Meloni went on to head the youth branch of the party, which was renamed the National Alliance, according to the Associated Press

She won her first local election at age 21. One decade later, Meloni became Italy’s youngest minister when she was appointed to the youth portfolio in 2008 during the reign of former Italian prime minister Silvio Berlusconi. 

Giorgia Meloni (left) alongside Matteo Salvini and Silvio Berlusconi.

Four years later, Meloni co-founded the Brothers of Italy party, which she has compared to the Republican party in the United States and Britain’s Conservative party, according to Reuters

“Yes to natural families, no to the LGBT lobby, yes to sexual identity, no to gender ideology, yes to the culture of life, no to the abyss of death,” Meloni said in June to supporters of Spain’s far-right conservative party Vox, Reuters reported. 

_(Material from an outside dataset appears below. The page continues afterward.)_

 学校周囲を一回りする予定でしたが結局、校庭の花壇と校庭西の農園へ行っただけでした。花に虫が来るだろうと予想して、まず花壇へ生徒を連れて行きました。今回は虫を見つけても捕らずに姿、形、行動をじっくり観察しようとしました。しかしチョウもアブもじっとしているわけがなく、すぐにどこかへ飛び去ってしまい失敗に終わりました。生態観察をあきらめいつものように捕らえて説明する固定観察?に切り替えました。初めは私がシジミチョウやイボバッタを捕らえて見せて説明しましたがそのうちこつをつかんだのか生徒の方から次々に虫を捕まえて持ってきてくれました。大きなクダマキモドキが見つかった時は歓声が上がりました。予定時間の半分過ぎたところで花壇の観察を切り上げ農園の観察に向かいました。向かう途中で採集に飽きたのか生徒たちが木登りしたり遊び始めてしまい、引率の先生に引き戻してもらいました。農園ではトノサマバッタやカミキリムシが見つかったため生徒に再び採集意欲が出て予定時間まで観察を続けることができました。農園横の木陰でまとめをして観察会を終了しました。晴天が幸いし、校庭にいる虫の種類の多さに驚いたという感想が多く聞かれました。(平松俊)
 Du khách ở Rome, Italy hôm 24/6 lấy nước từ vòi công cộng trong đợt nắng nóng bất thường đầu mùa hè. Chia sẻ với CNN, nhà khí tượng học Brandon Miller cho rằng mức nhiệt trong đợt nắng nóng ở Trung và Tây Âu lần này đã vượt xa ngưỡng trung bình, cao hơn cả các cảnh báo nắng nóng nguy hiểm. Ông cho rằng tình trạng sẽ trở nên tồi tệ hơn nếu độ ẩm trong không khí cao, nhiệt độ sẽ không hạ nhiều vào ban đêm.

Meloni continued in the speech, “No to the violence of Islam, yes to safer borders, no to mass immigration, yes to work for our people, no to major international finance.”

Giorgia Meloni.

In an interview with Reuters last month, Meloni pushed back on her party’s fascist ties and previous comments she made as a teenager about Mussolini being a “good politician.”

“Obviously I have a different opinion now,” Meloni said without elaborating, according to Reuters.